Momentum is one of the most important properties in study kinetics.

Inertia and Mass

From the law of inertia, inertia is defined as the tendency of an object to resist a change in motion. Mass, in general, is defined as a quantity to measure the inertia of a body at rest relative to the frame of reference. Besides, in practical sense, mass is also used to denote as the quantity of matter that is the inertial mass of an object. And by the Newton's second law of motion, the external force F changing the motion of an object can be determined by the mass m of the object multiplied by the acceleration a of the object. That is F=ma.

Momentum

Momentum p can be defined as a quantity to measure the inertia of an object in motion relative to the frame of reference.  In other words, momentum is defined as a quantity to measure the motion of an object and the tendency of an object's kinetics to resist a change in motion. That is p=mv.

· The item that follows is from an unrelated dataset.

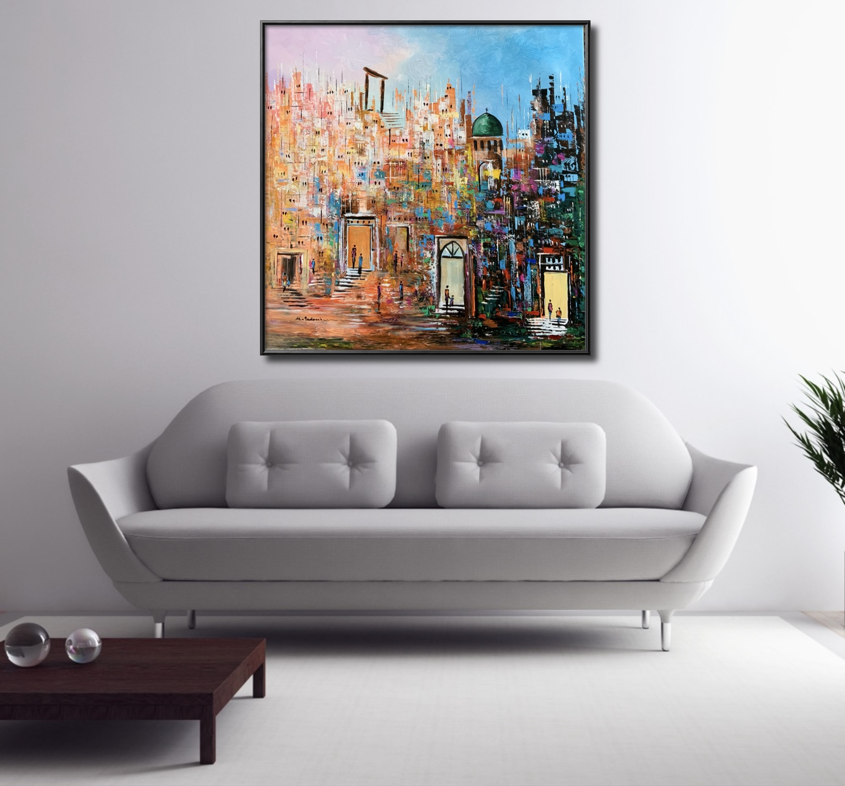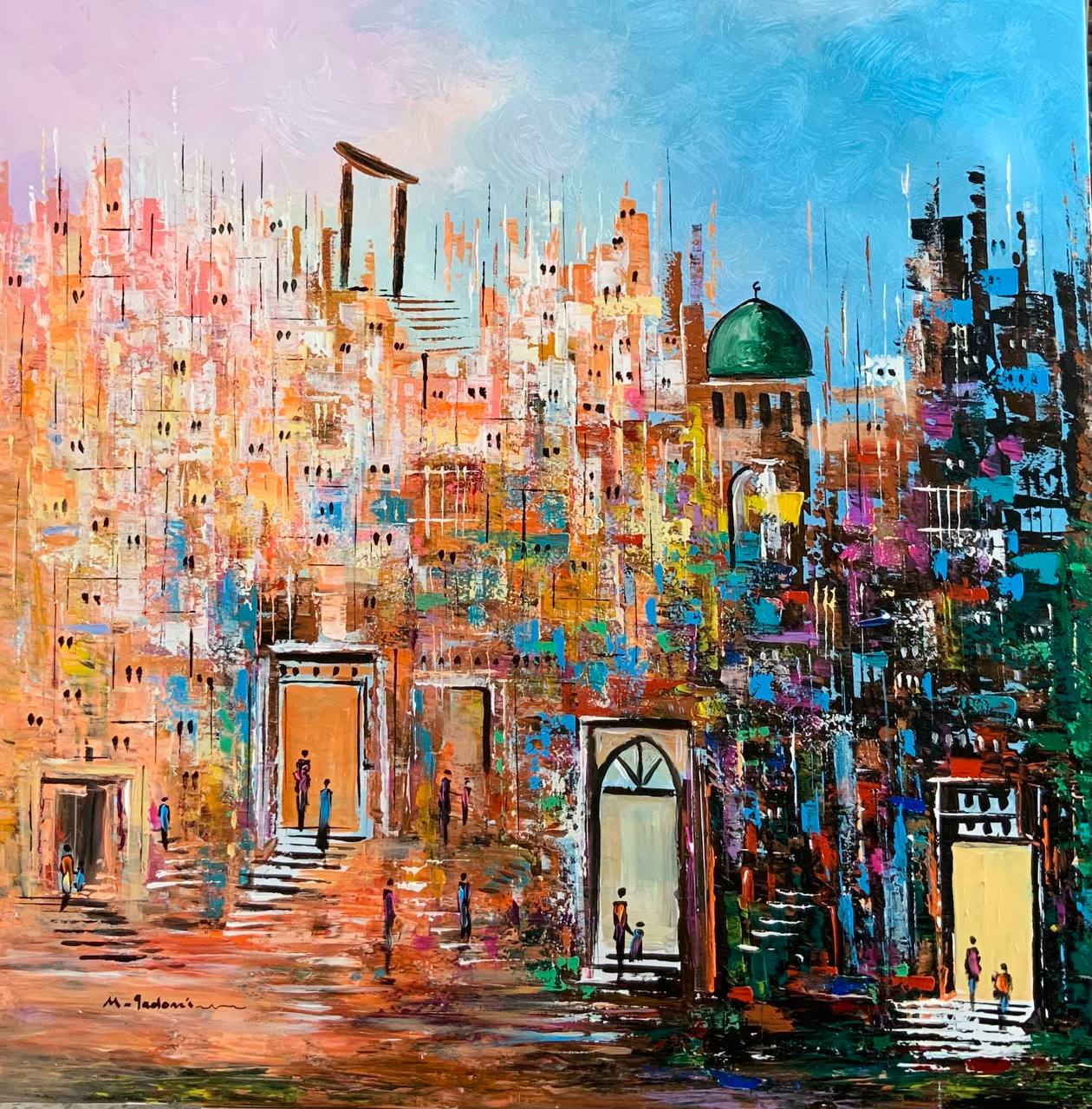 This painting captures the spirit of old Amman, where warm and cool colors blend to portray clustered houses, the Roman columns of the Citadel, and the green mosque dome in a scene that unites history with daily life. The open doors symbolize openness and communication, while the vibrant colors reflect the city’s diversity and vitality.
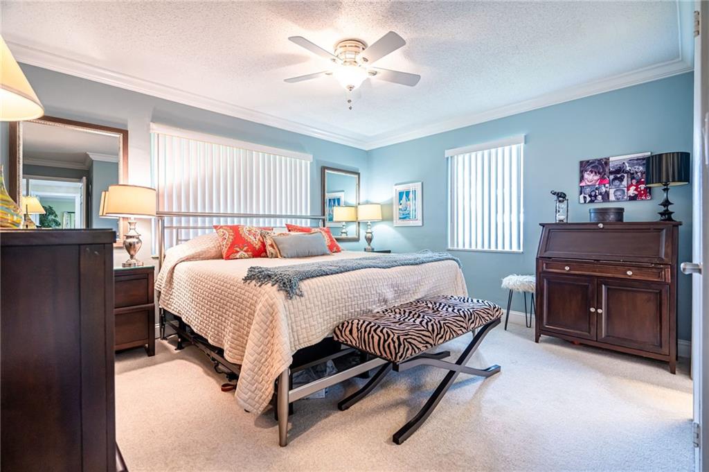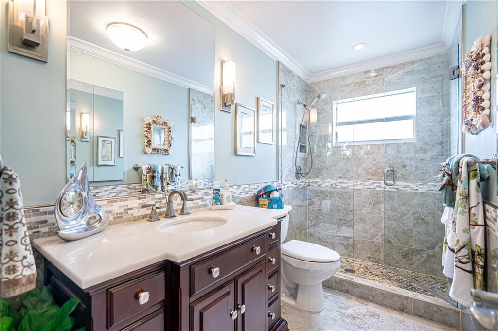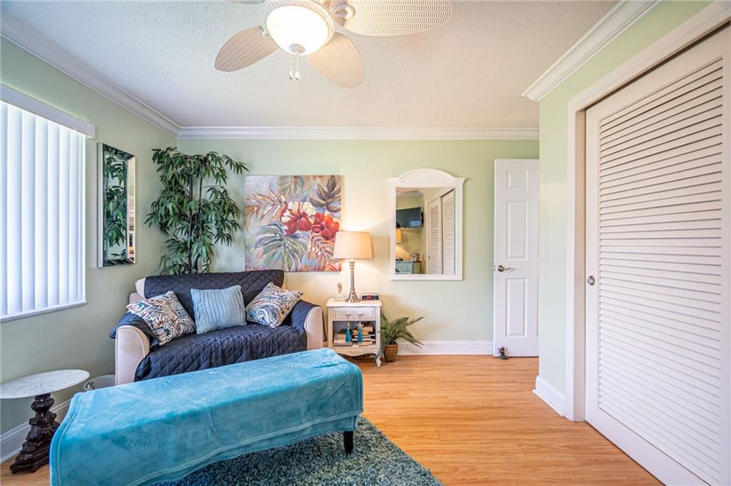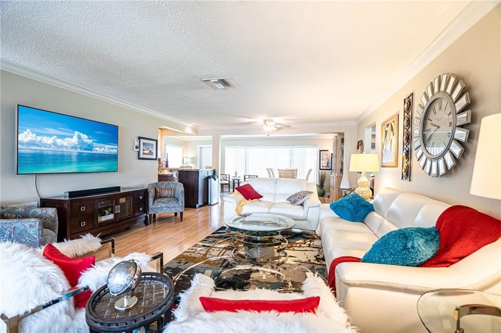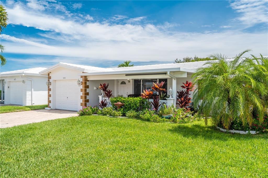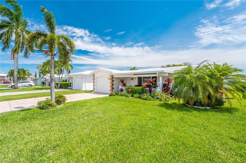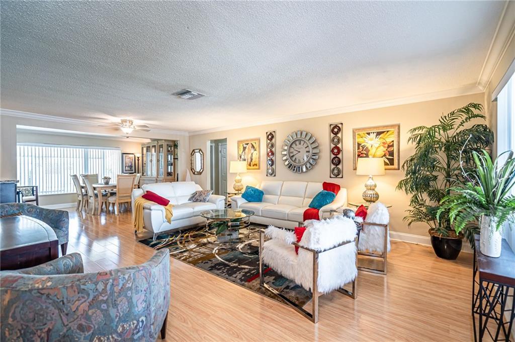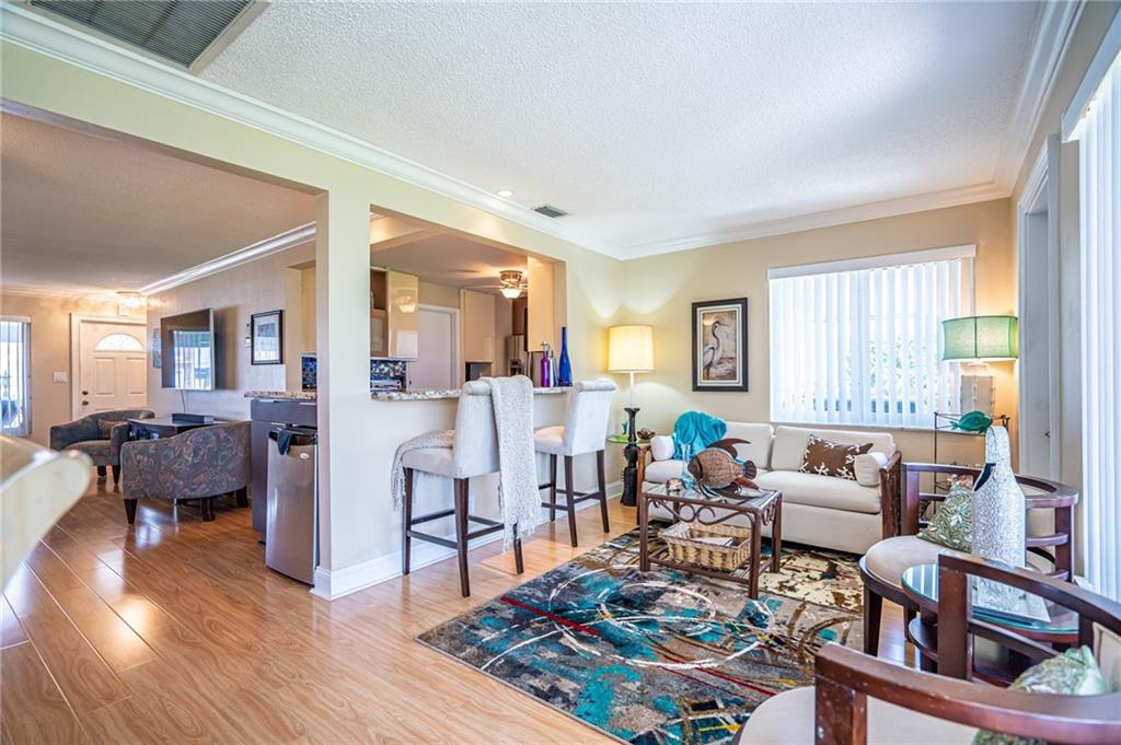 Gorgeous turnkey 2/2 + extended Florida room updated throughout. Featuring beautiful cabinetry, countertops, breakfast bar, high end stainless steel appliances and tile flooring. The living room and Florida room share wood flooring, and crown molding extending into guest bedroom and hallway. The bedrooms and bathrooms have been completely renovated with an excellent design and decor. Add the newer roof, hurricane windows and a/c. +entertain on the open porch and back patio. 55+ Community

Newton's Second Law of Motion

From Newton's second law of motion, the acceleration of an object due to the force F acting upon an object is proportional to the magnitude of the force and the acceleration is in the direction of the force. In other words, the ratio of the applied force used change to the motion of an object and the acceleration of the object is a constant value. Since this constant value is the characteristic of the measured object, it is called the mass of the object. According to Newton's first law of motion, force is applied upon the object to change the motion of the object, the mass propoerty can be used as a quantitative measurement to measure the tendency of an object to resist a change in motion, mass m of an object can also refer to the inertial mass of an object.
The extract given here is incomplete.